[ABOUT THIS EXERCISE]: Taking the data below, please print only the lines from the line holding "وعلى الصعيد الصحي" to the line holding "The Vocal Pack", inclusive, with pictures omitted.

[GIVEN RECORDS]:
********************
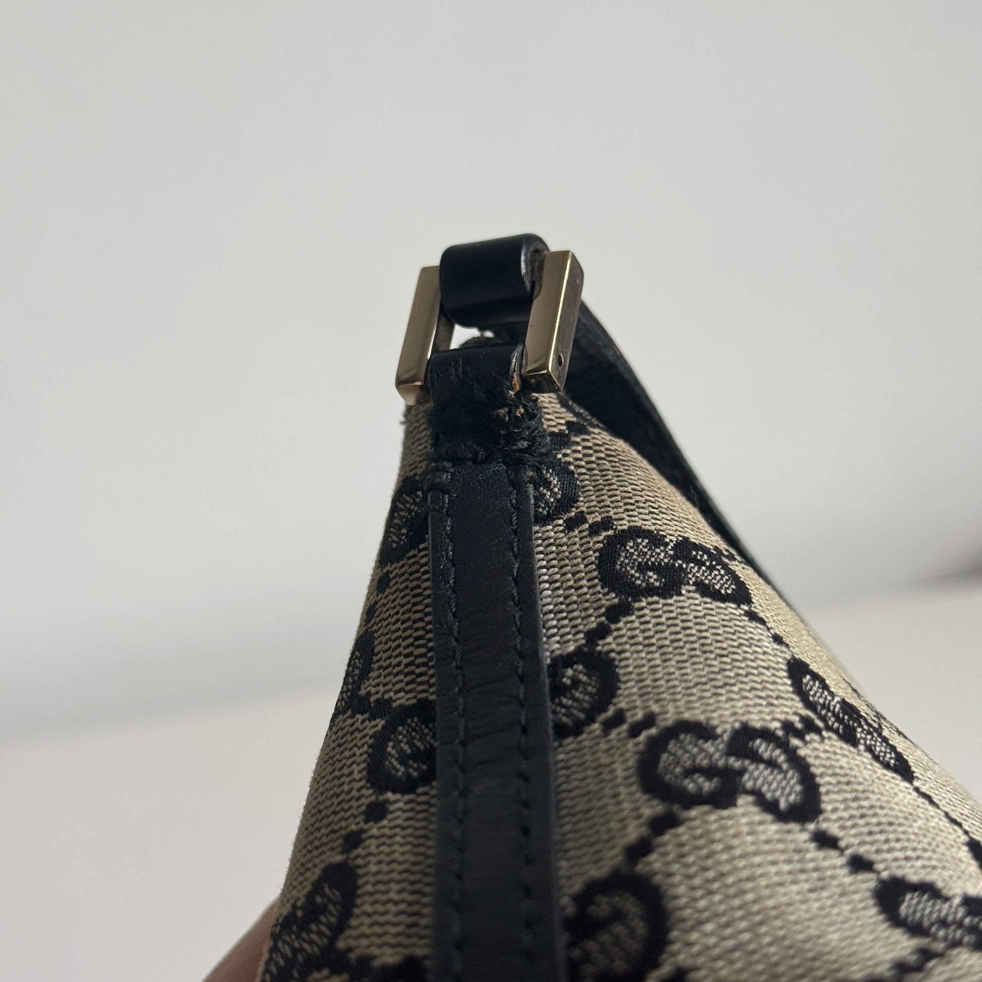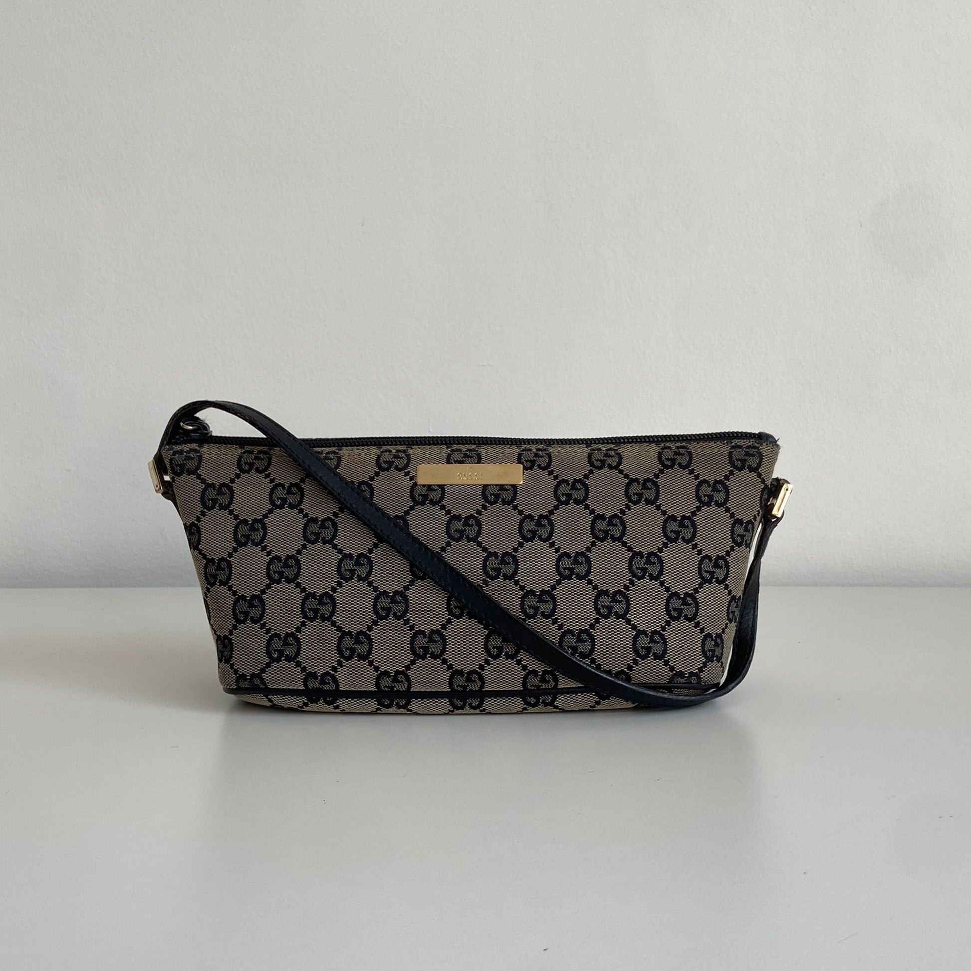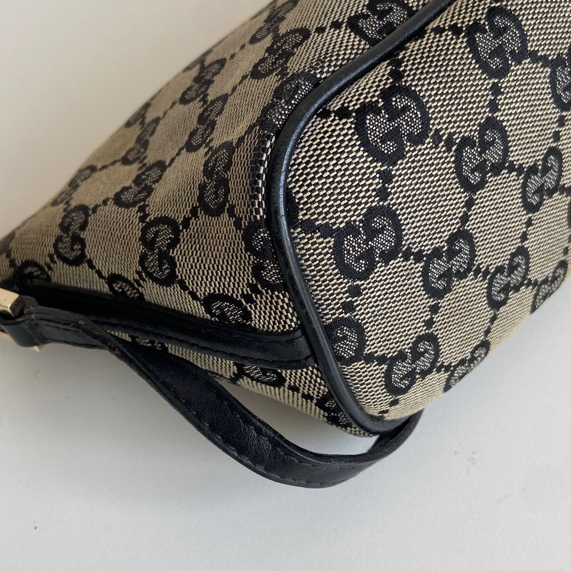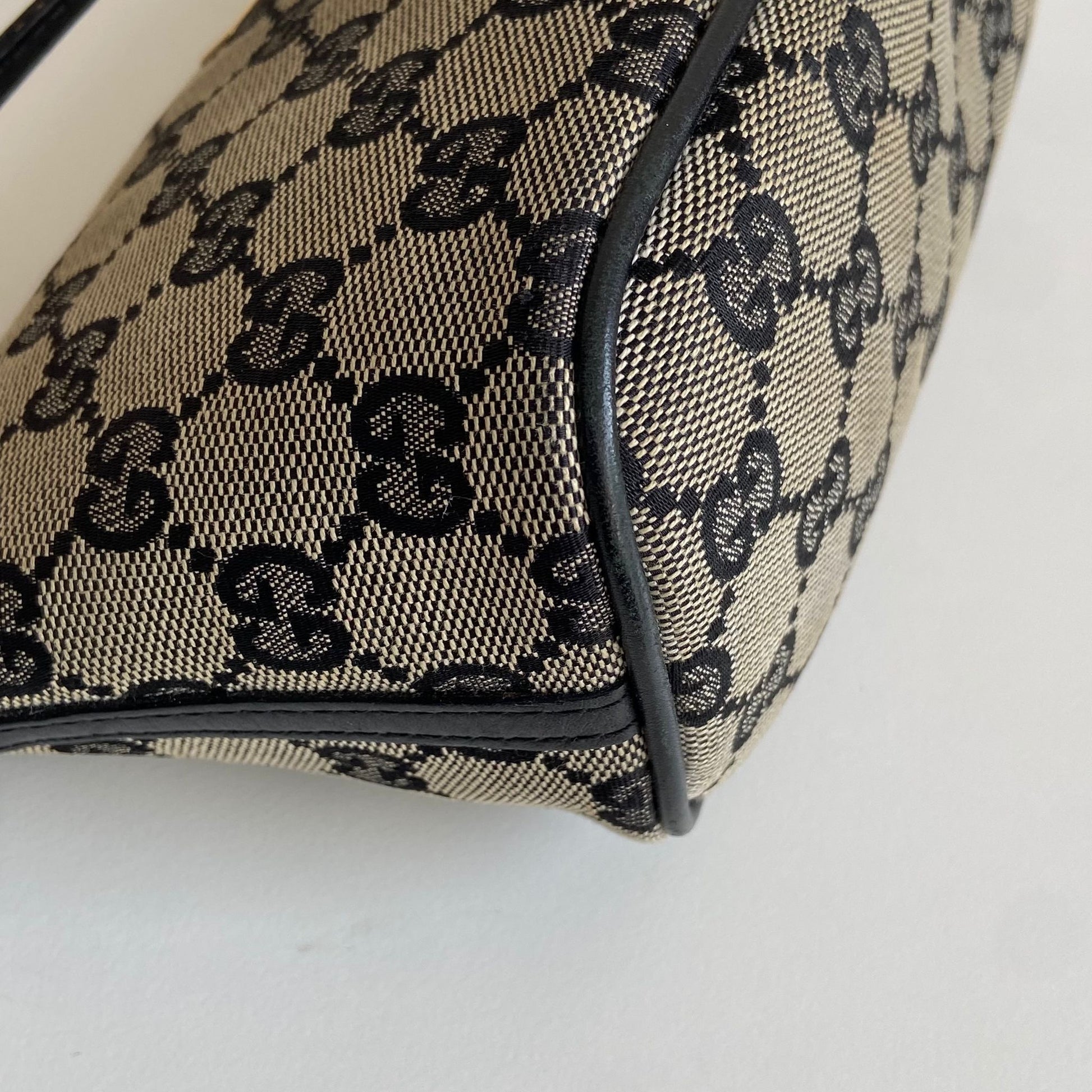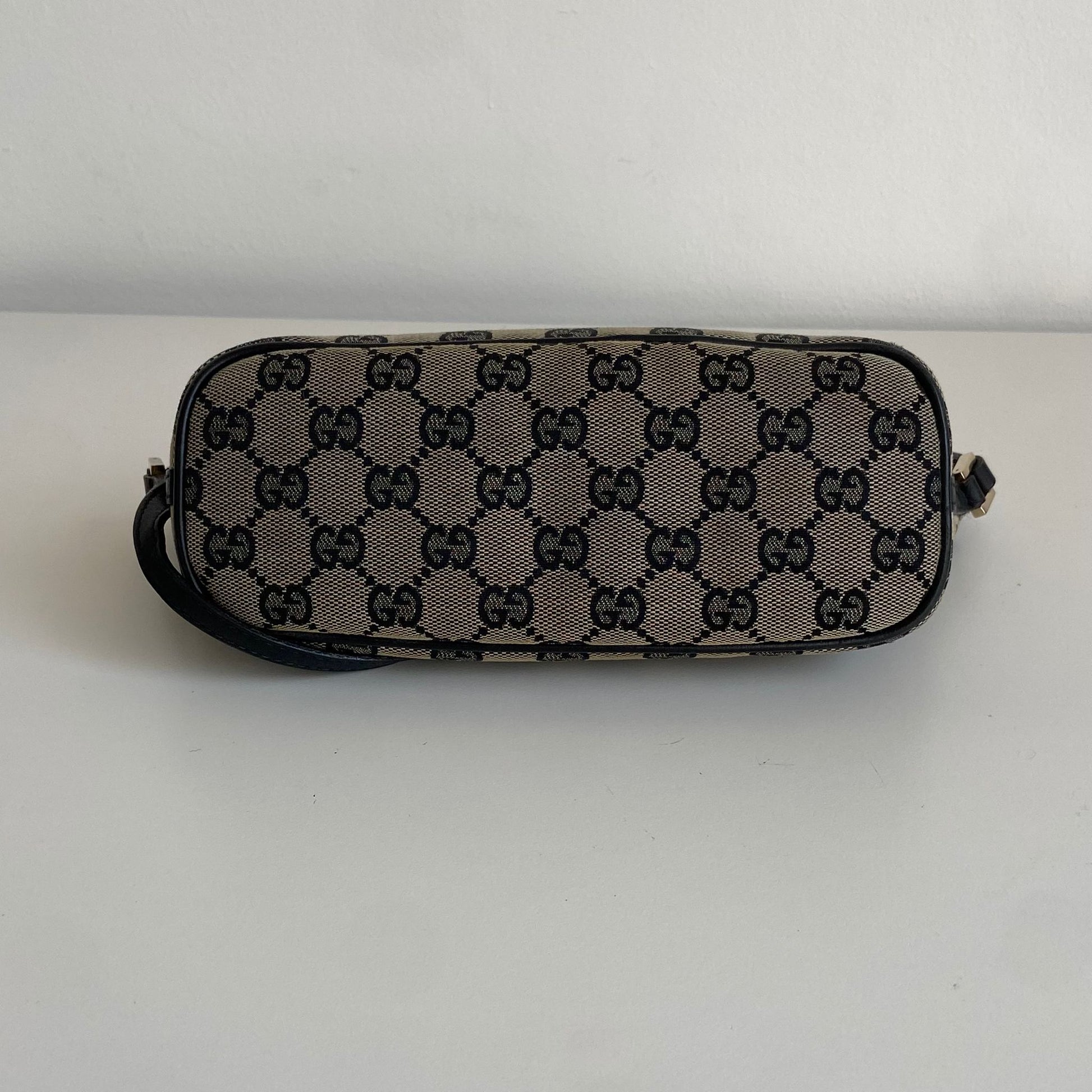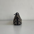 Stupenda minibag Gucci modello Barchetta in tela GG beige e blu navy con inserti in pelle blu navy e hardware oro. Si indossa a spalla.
********************
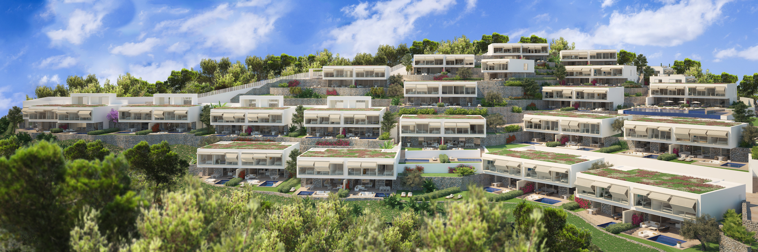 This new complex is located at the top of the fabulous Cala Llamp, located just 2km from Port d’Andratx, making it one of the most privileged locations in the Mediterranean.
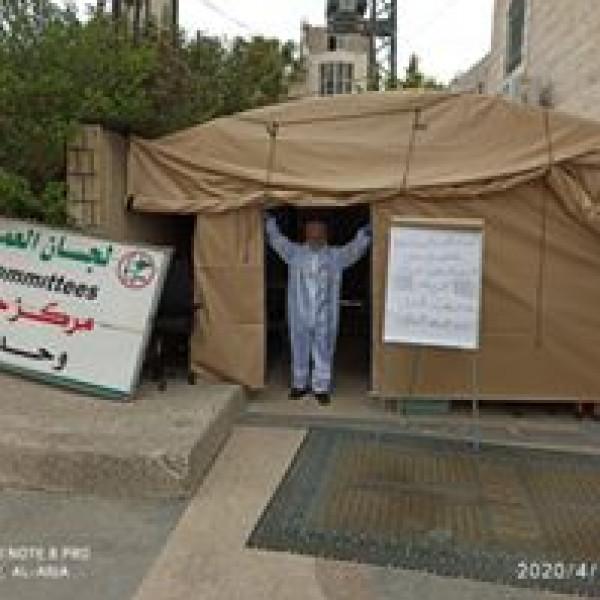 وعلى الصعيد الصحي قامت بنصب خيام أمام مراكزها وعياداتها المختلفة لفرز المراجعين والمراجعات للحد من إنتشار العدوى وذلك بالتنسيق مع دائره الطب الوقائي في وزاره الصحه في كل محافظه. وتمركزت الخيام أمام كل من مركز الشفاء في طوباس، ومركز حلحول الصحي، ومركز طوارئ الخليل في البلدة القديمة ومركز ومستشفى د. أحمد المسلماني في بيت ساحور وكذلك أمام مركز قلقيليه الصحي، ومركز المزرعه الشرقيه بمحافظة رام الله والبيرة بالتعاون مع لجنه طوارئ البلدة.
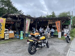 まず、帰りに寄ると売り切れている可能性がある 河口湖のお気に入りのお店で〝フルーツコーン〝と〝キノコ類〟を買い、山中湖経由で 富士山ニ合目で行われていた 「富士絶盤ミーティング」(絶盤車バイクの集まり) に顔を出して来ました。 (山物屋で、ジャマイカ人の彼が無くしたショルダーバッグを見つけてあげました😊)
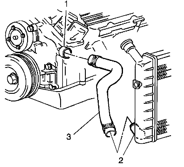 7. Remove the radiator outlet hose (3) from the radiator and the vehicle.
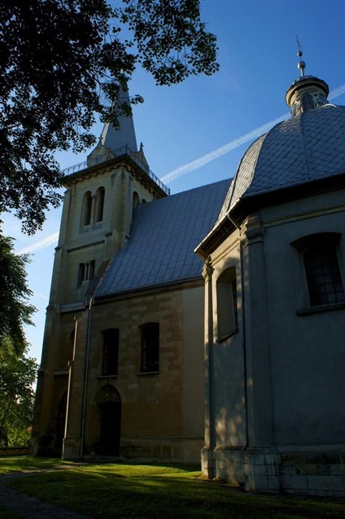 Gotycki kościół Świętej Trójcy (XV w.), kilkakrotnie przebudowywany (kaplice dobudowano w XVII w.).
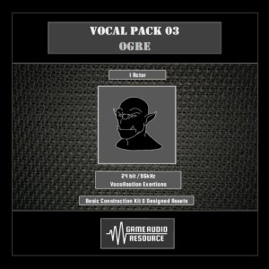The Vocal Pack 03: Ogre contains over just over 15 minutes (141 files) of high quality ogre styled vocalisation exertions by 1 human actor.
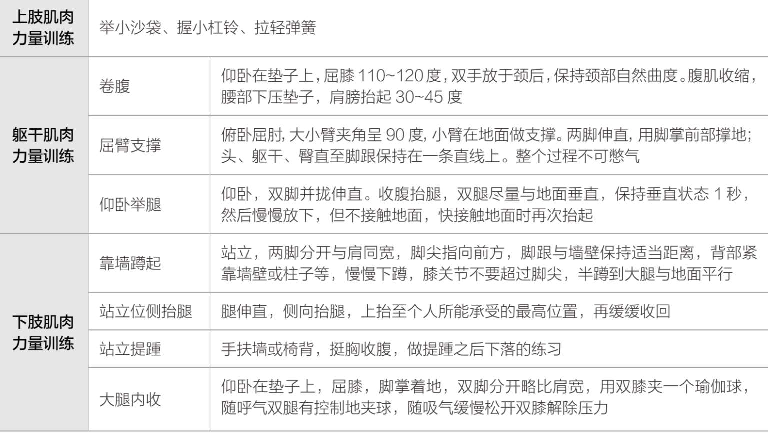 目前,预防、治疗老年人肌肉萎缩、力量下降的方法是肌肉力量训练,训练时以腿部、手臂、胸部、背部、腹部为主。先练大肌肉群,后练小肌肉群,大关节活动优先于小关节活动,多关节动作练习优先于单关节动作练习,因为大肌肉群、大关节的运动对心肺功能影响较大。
********************
[ANSWER BOX]:
 وعلى الصعيد الصحي قامت بنصب خيام أمام مراكزها وعياداتها المختلفة لفرز المراجعين والمراجعات للحد من إنتشار العدوى وذلك بالتنسيق مع دائره الطب الوقائي في وزاره الصحه في كل محافظه. وتمركزت الخيام أمام كل من مركز الشفاء في طوباس، ومركز حلحول الصحي، ومركز طوارئ الخليل في البلدة القديمة ومركز ومستشفى د. أحمد المسلماني في بيت ساحور وكذلك أمام مركز قلقيليه الصحي، ومركز المزرعه الشرقيه بمحافظة رام الله والبيرة بالتعاون مع لجنه طوارئ البلدة.
 まず、帰りに寄ると売り切れている可能性がある 河口湖のお気に入りのお店で〝フルーツコーン〝と〝キノコ類〟を買い、山中湖経由で 富士山ニ合目で行われていた 「富士絶盤ミーティング」(絶盤車バイクの集まり) に顔を出して来ました。 (山物屋で、ジャマイカ人の彼が無くしたショルダーバッグを見つけてあげました😊)
 7. Remove the radiator outlet hose (3) from the radiator and the vehicle.
 Gotycki kościół Świętej Trójcy (XV w.), kilkakrotnie przebudowywany (kaplice dobudowano w XVII w.).
The Vocal Pack 03: Ogre contains over just over 15 minutes (141 files) of high quality ogre styled vocalisation exertions by 1 human actor.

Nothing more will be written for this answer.